Record set Start Marker

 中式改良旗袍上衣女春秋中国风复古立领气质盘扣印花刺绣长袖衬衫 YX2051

Record set End Marker
Record set Start Marker

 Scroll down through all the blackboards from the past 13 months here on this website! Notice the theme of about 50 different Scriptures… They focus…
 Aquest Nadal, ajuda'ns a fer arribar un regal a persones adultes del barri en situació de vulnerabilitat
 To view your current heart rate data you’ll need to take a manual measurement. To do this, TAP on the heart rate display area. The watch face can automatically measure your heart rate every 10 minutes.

Record set End Marker

[Work required]:
Please give back exactly the lines of this listing beginning at the line with "Aquest Nadal, ajuda'ns" and ending with the line with "To view your", both included, and nothing else.

[Worked solution]:
 Aquest Nadal, ajuda'ns a fer arribar un regal a persones adultes del barri en situació de vulnerabilitat
 To view your current heart rate data you’ll need to take a manual measurement. To do this, TAP on the heart rate display area. The watch face can automatically measure your heart rate every 10 minutes.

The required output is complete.